Plaintiff confuses a party's right to raise an argument with a party's right to produce additional factual evidence in support of an argument already raised. The case Plaintiff cites, Grant v. News Group Boston, Inc., 55 F.3d 1, 7 (1st Cir. 1995), and the case cited therein, Sandstrom v. ChemLawn Corp., 904 F.2d 83, 87 (1st Cir.1990), hold that "arguments" omitted in an opening brief and raised only in a reply brief are waived and a court should disregard them. Here, however, Defendant did, in fact, argue in its opening brief for summary judgment that the Defendant lacked knowledge of Plaintiff's disability. Defendant's reply brief merely adds supplementary evidence specifically, the affidavits of Kathiann Shorey and Daniel Michaud in support of that argument. Hence, the Court finds that Defendant did not waive its right to argue that Defendant lacked knowledge of Plaintiff's disability, and the Court accepts the Shorey and Michaud affidavits as proper evidence to be considered in ruling on this motion.
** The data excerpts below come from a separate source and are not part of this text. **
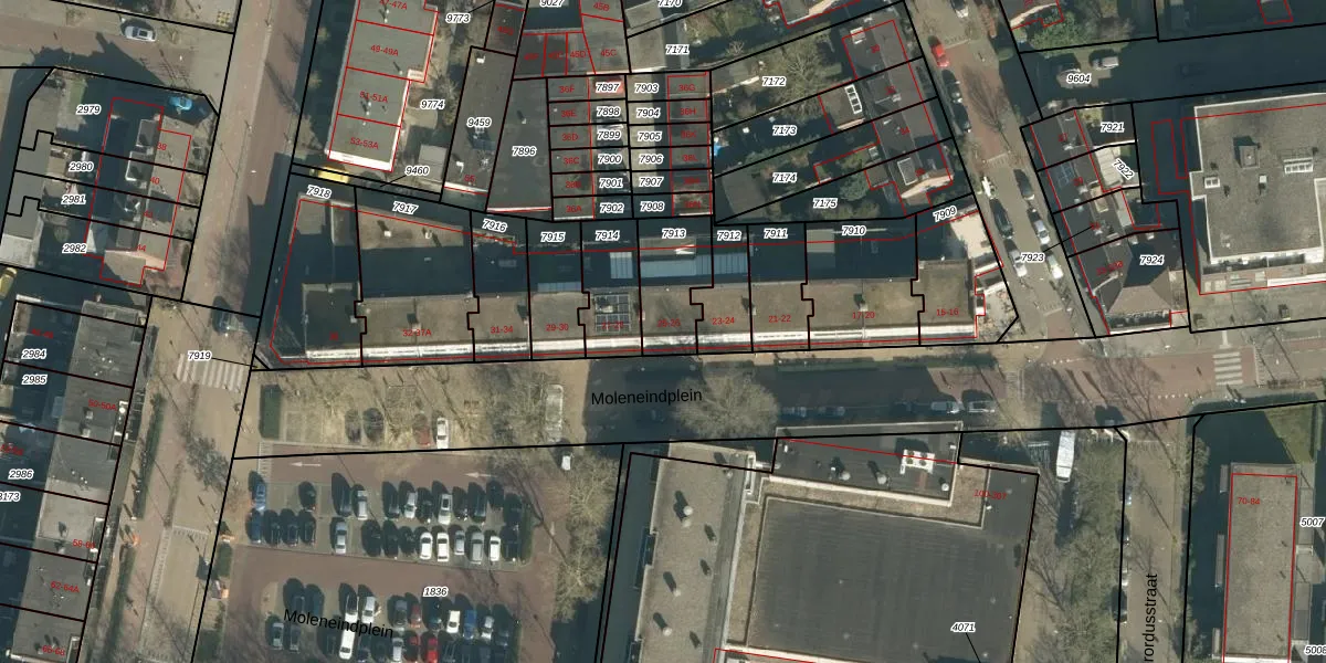 Het perceel waarop Moleneindplein 26 staat heeft een oppervlakte van 194 m². Dit is een middelgroot perceel. De perceeloppervlakte wordt geregistreerd door het Kadaster. Gedetailleerde informatie over de maten van dit perceel kunt u vinden in het rapport Kadastrale kaart met maatvoering van Moleneindplein 26.
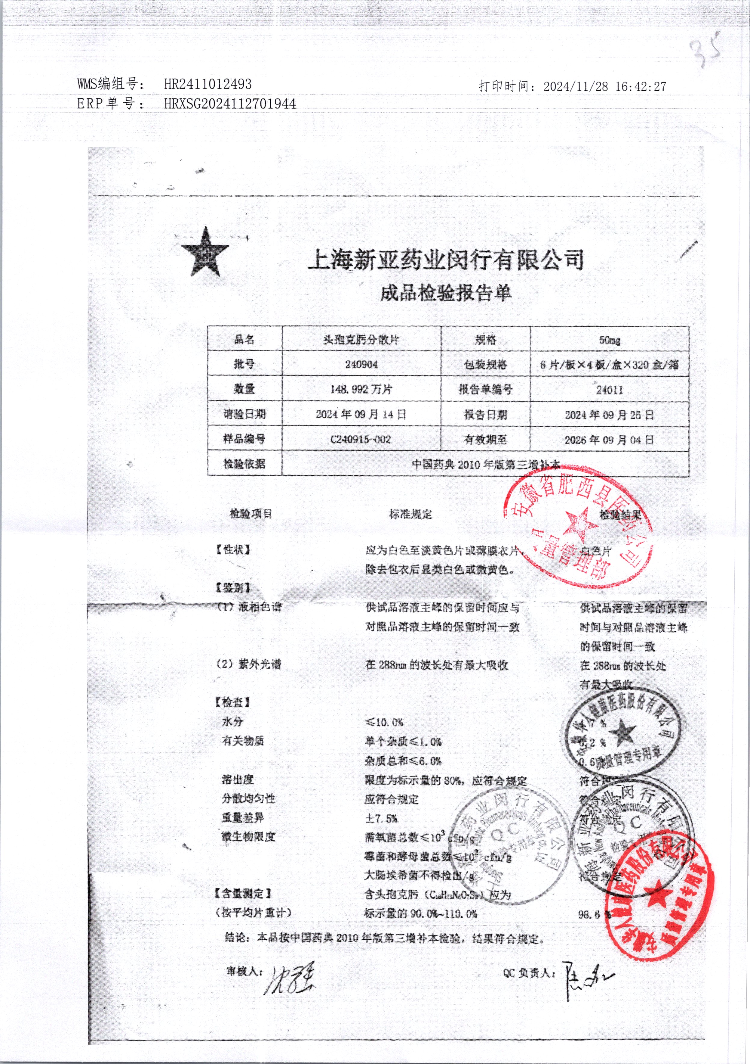 頭孢克肟分散片 | 50mg*24s | 241203 | 查看詳情 |
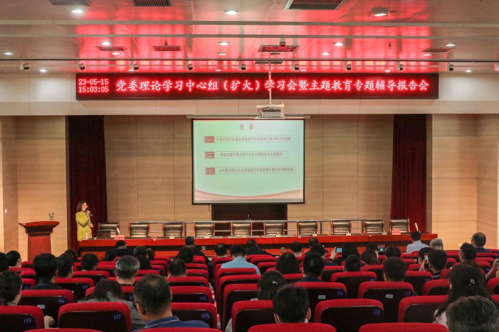 5月15日下午,学校组织召开党委理论学习中心组(扩大)学习会暨主题教育专题辅导报告会。校党政领导、副处级以上干部参加学习。
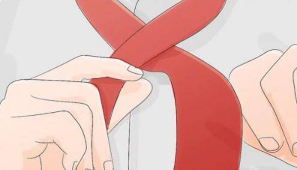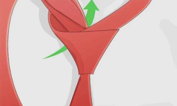 7、把宽端从上往下穿过前面的领带结。
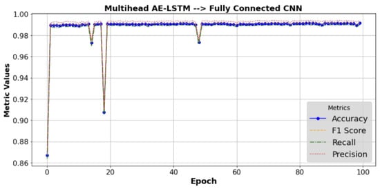 In evaluating the AE-LSTM + CNN approach, we conducted a performance assessment that focused on important aspects of intrusion detection. This evaluation includes key metrics: accuracy, the F1 score, recall, and precision. Accuracy measures a model’s proficiency in correctly categorizing normal and dangerous activities. The F1 score, which provides a balance between precision and recall, indicates a model’s ability to identify threats while minimizing false alarms. Recall evaluates the model’s accuracy in recognizing all threats, while precision assesses its ability to avoid misclassifying non-threats. These four indicators offer a thorough assessment of the model’s effectiveness in enhancing IoT networks as a defense against cyber threats.
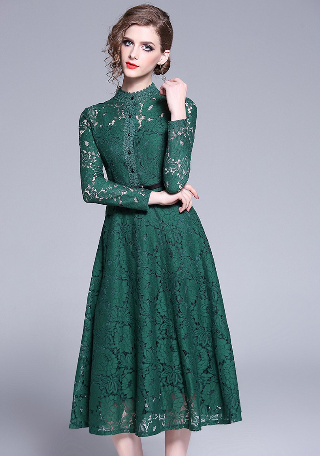 花柄 総レース シースルー フレア ベルト付き ワンピース ドレス エレガント パーティー お呼ばれ 膝丈 ミモレ丈 大人女子 ハイネック
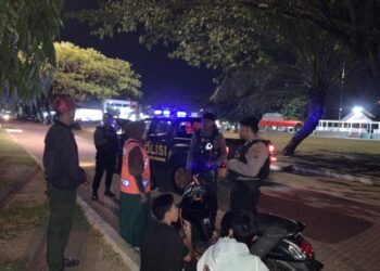 LHOKSEUMAWE - SAR Samapta Polres Lhokseumawe mengerahkan enam personel Tim Unit Reaksi Cepat (URC) dalam patroli cegah gangguan Kamtibmas dan ...
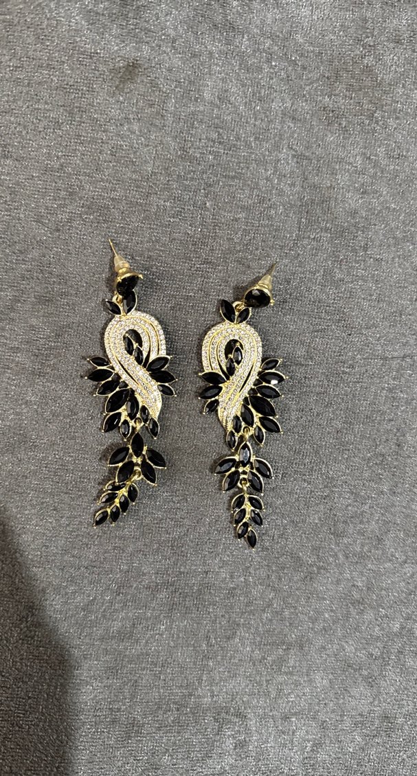 Uzun siyah yılan desenli ve payet detaylı küpeler, gotik tarzı klasik zarafetle buluşturuyor, düğün için uygun.
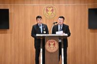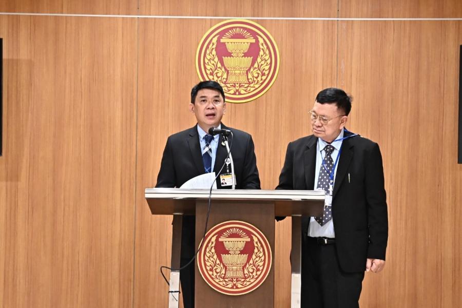 นายวิรัช พันธุมะผล และนายสฤษฏ์พงษ์ เกี่ยวข้อง ส.ส.พรรคภูมิใจไทย แถลงข่าวชี้แจงขั้นตอนการพิจารณาร่าง พ.ร.บ.กัญชา กัญชง พ.ศ. .
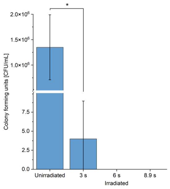 Blue laser-mediated inactivation of green algae in seconds. Colony forming units of C. reinhartii before and after irradiation. Irradiation times: 3 s, 6 s, 8.9 s, intensity: 139 W/cm2. Asterisks (*) indicate the significance value of the results (* p < 0.05).
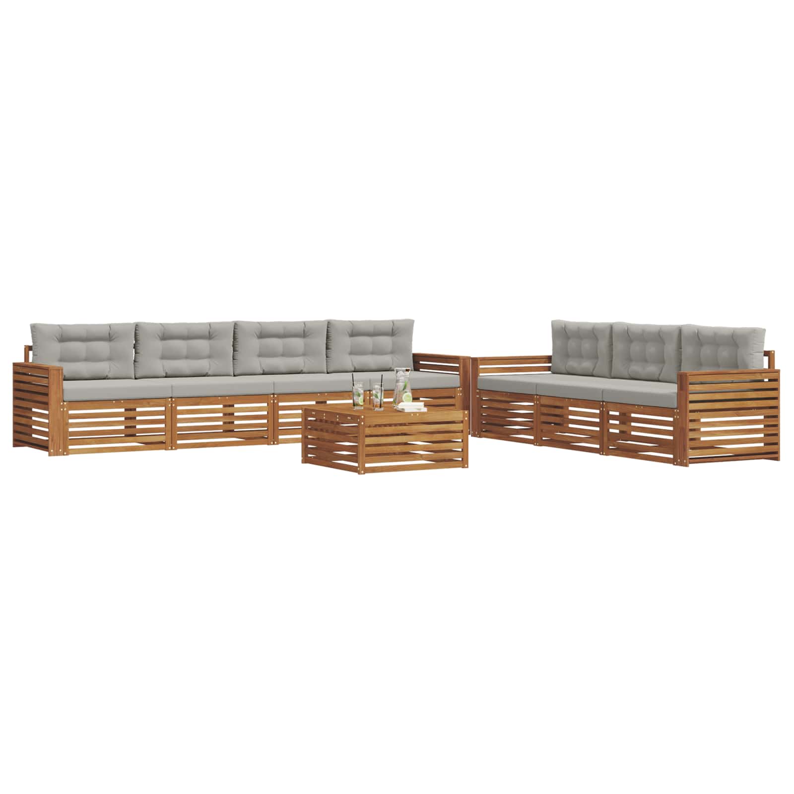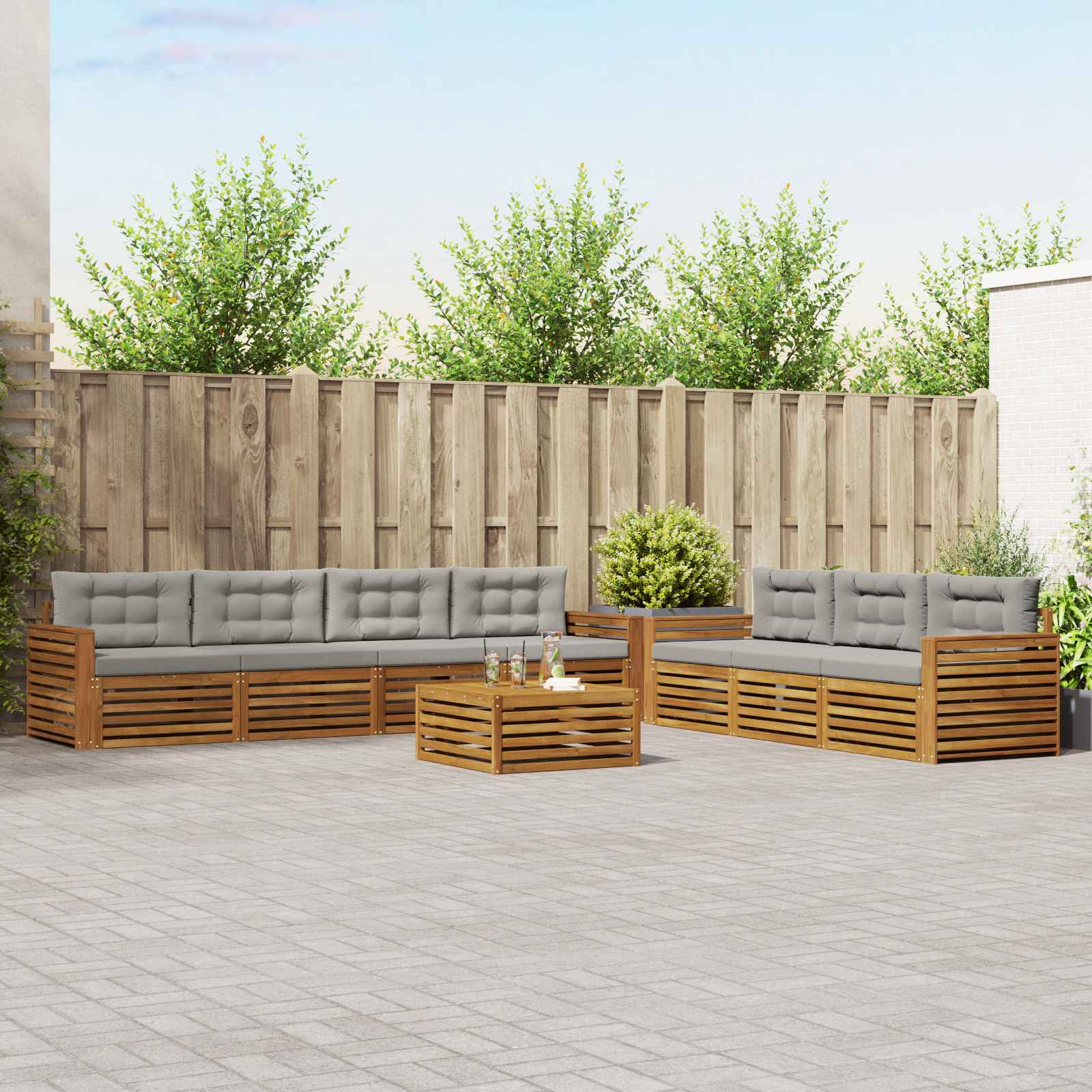 Das Gartenmöbelset kombiniert Stil und Funktion zu einem echten Hingucker für jeden Garten oder jede Terrasse. Das moderne Design mit klaren Linien sorgt für Eleganz und ist perfekt für entspannte Stunden im Freien oder gesellige Treffen mit Freunden. Aus massivem Akazienholz gefertigt, bietet das Set nicht nur Langlebigkeit, sondern sieht auch klasse aus. Es ist die ideale Wahl für alle, die praktische und schöne Gartenmöbel suchen. Langlebiges Massivholz Akazie: Hergestellt aus robustem Akazienholz ist dieses Outdoor-Möbelset nicht nur langlebig, sondern auch widerstandsfähig gegen alle äußeren Einflüsse. Die starke Bauweise sorgt für Stabilität, während der warme Farbton deinem Garten oder deiner Terrasse einen schönen Akzent verleiht. Wetterfeste Konstruktion: Die Möbel haben eine lackierte Oberfläche, die zusätzlichen Schutz gegen Sonne, Regen und andere Witterungen bietet. Das macht sie pflegeleicht und sorgt für eine lange Lebensdauer, egal ob im Garten, auf der Terrasse oder im Hinterhof. Komponenten & Design: Jedes Teil vom Rahmen bis zu den Rückenlehnen ist durchdacht gestaltet. Die unterstützenden Features sorgen für zusätzlichen Komfort, während das harmonische Design zu einem tollen Gesamtbild beiträgt, das bei allen Anlässen im Freien passt. Komfort & Vielseitigkeit: Das modulare Design lässt sich flexibel an verschiedene Räume und Bedürfnisse anpassen. Ideal für ruhige Lesemomente, gesellige Abende oder einfach zum Relaxen – dieses Set macht in jeder Umgebung eine gute Figur und bietet maximalen Komfort. Einfache Pflege & Wartung: Um die Möbel schön zu halten, wische die Oberfläche mit einem feuchten Tuch ab und verwende keine starken Reiniger. So bleibt das Aussehen erhalten und die Lebensdauer der Möbel verlängert sich.
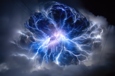 Bright lightning forks across dark storm clouds, creating a dramatic and electrifying atmosphere.
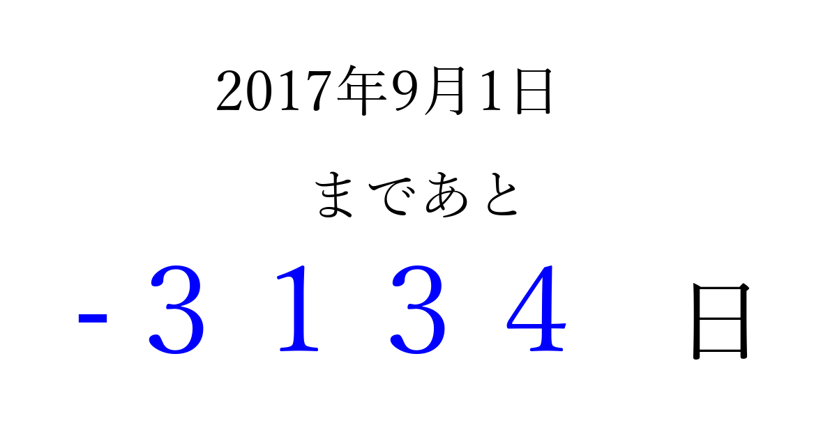 2017年9月1日(金)は もう 0000 日過ぎました 追加すると、トップページからすぐ選べるようになります ※2026/04/01現在の結果です。 最新の状態に更新する ↓シェアして、タイムライン上にカウントダウンを表示しよう!↓ 📤 この結果を共有する Tweet シェア Threads Bluesky 別の日付でカウントダウン 2017年9月のカレンダー このページをブックマークに追加すると、いつでもカウントダウンを確認できます。 (PC: Ctrl+D / Mac: ⌘+D) hitome-notes.comでは以下のページも運営しています。 指定日と期間から日付を計算 | ガチャ確率計算・シミュレーション | プライバシー・ポリシー 運営者:Avocado
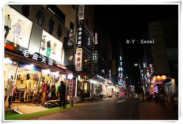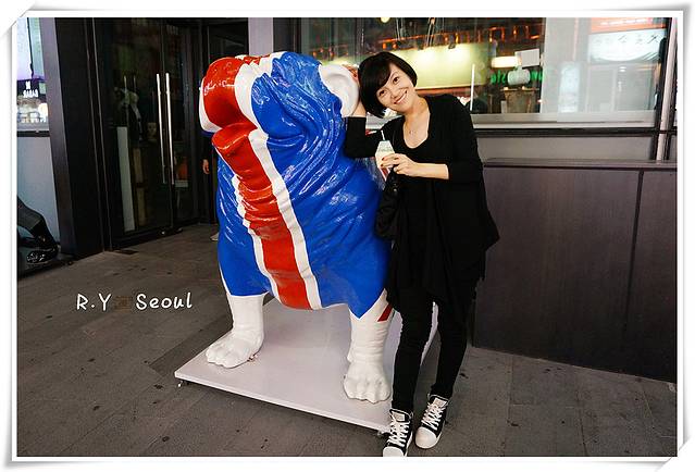 因为明洞人多面积大,行进速度受限,逛着逛着也就晚了。虽然也号称不夜城,但相比东大门,明洞的大部分店家还是会在晚上十点左右准时闭门谢客。这是某个已经关门的品牌前面的狗狗雕塑,真心好爱,求搬走!(请忽略我奔波一天后不听话的刘海儿~)
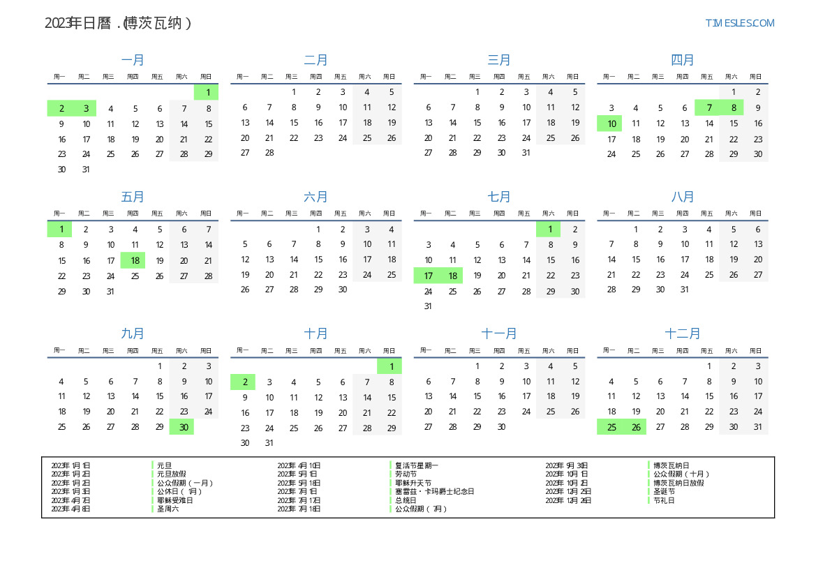 陽曆,不是飛躍年,一年365天。 在2023年,2023有23 假期和休假。 在中國東部的日曆上,2023年兔年。 一年從在星期天開始,到在星期天結束。
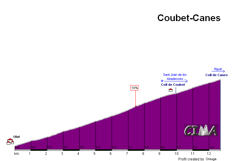 Comentario: Desde el margen derecho del río Ridaura, a las afueras de la ciudad de Olot. Podemos dejar nuestro vehículo en el barrio del Hostal del Sol, donde procedemos a comenzar una ascensión que no conlleva ningún problema, ya que aunque la carretera siempre tira hacia arriba, lo hace de una manera bastante homogénea. Ünicamente en el km. 7 encontraremos que el porcentaje nos aprieta un poco más, llegando a tener alguna rampa cercana al 10%.
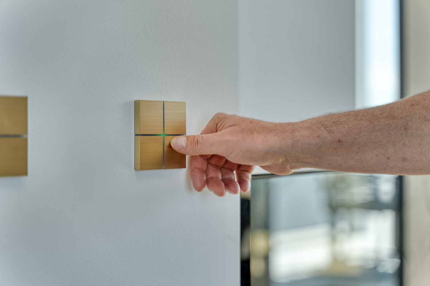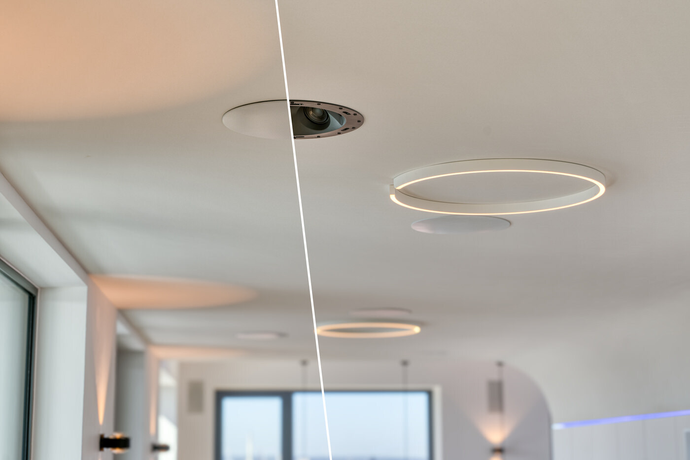 Ziel war es, eine vollständig integrierte Haussteuerung zu realisieren, die sämtliche Medien-, Bild- und Tonkomponenten zentral verwaltet und dabei so unauffällig wie möglich in die Architektur eingebettet ist. Technik sollte hier nicht dominieren, sondern sich bewusst zurücknehmen. Sichtbare Geräte, Kabel oder klassische Lautsprecheraufstellungen waren nicht gewünscht – stattdessen eine klare, reduzierte Optik, bei der der Wohnraum im Mittelpunkt steht und die Technik im Hintergrund ihre Arbeit verrichtet.

[5] The Court does rely upon Plaintiff's affidavit as support for several assertions of fact in section I, above. However, the factual assertions for which the Court cites to Plaintiff's affidavit involve matters that are clearly within Plaintiff's personal knowledge, in contrast to the assertions at issue here regarding Defendant's knowledge of Plaintiff's disability. See Spickler v. Dube, 635 F. Supp. 317, 321 (D.Me.1986), aff'd, 852 F.2d 564 (1988), cert. denied, 489 U.S. 1057, 109 S. Ct. 1322, 103 L. Ed. 2d 591 (1989) (deficient jurat may be cured by proper declaration in body of affidavit if averred statements are clearly within affiant's knowledge).